Skip the pictures and copy all the data that follows exactly.

▶ [DATA SHOWN]:
◇ ◇ ◇ ◇

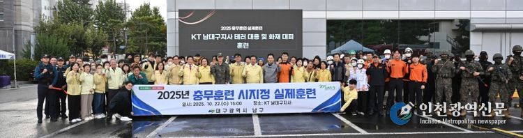 [인천광역신문] 관리자 기자 | 대구 남구는 지난 22일, KT 남대구지사 주차장에서 테러범에 의한 인질극 발생을 가정한 인질 구출, 테러범 진압 훈련 및 드론 테러에 의한 화재발생 시 대피훈련, 화재진압, 복구 작업 등 테러·화재 대비를 주제로 한 『2025 충무훈련 실제훈련』을 실시했다.
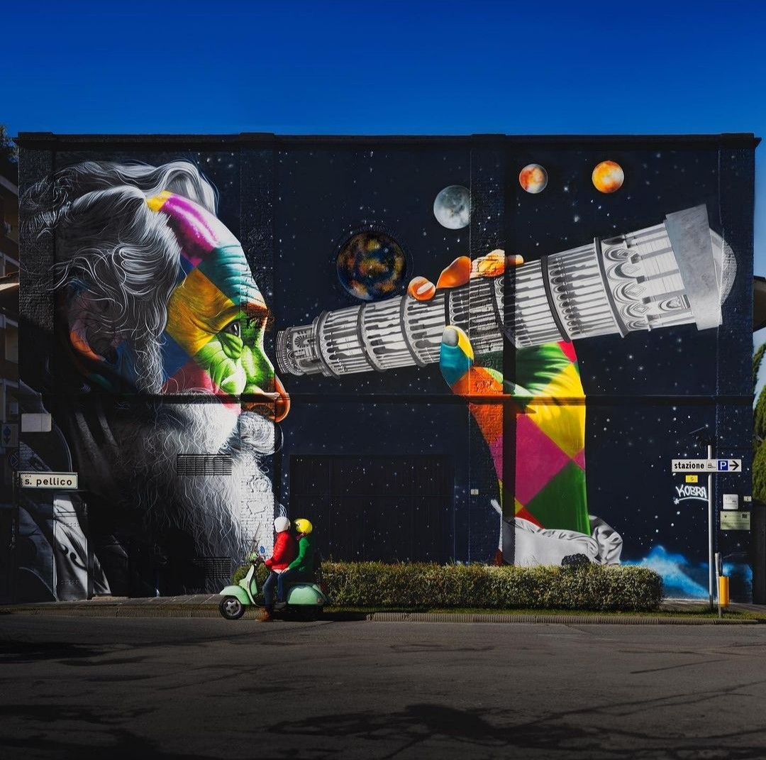 โจ Artist: #KOBRA / #EduardoKobra in City: #Pisa Centre Maccarrone, Via Silvio Pellico, Italy ๐ฎ๐น 2023 - Title: "Tribute to Galileo Galilei" - #Streetart #Art #Mastoart #Mural #Artwork #GalileoGalilei #FestivalDellaStrada #GuteNacht #Traum #Dream ๐
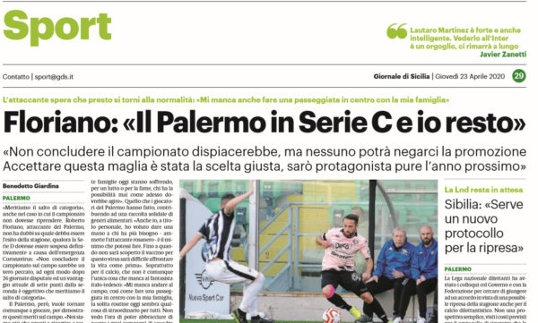 L'edizione odierna del "Giornale di Sicilia" riporta le parole rilasciate da Roberto Floriano al sito ufficiale del Palermo. «Non concludere il...
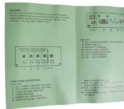 - КАРАОКЕ; сигнал можна подавати від магнітофона, радіо, CD + спів від мікрофона

◇ ◇ ◇ ◇

▶ [REPLY]:
 [인천광역신문] 관리자 기자 | 대구 남구는 지난 22일, KT 남대구지사 주차장에서 테러범에 의한 인질극 발생을 가정한 인질 구출, 테러범 진압 훈련 및 드론 테러에 의한 화재발생 시 대피훈련, 화재진압, 복구 작업 등 테러·화재 대비를 주제로 한 『2025 충무훈련 실제훈련』을 실시했다.
 โจ Artist: #KOBRA / #EduardoKobra in City: #Pisa Centre Maccarrone, Via Silvio Pellico, Italy ๐ฎ๐น 2023 - Title: "Tribute to Galileo Galilei" - #Streetart #Art #Mastoart #Mural #Artwork #GalileoGalilei #FestivalDellaStrada #GuteNacht #Traum #Dream ๐
 L'edizione odierna del "Giornale di Sicilia" riporta le parole rilasciate da Roberto Floriano al sito ufficiale del Palermo. «Non concludere il...
 - КАРАОКЕ; сигнал можна подавати від магнітофона, радіо, CD + спів від мікрофона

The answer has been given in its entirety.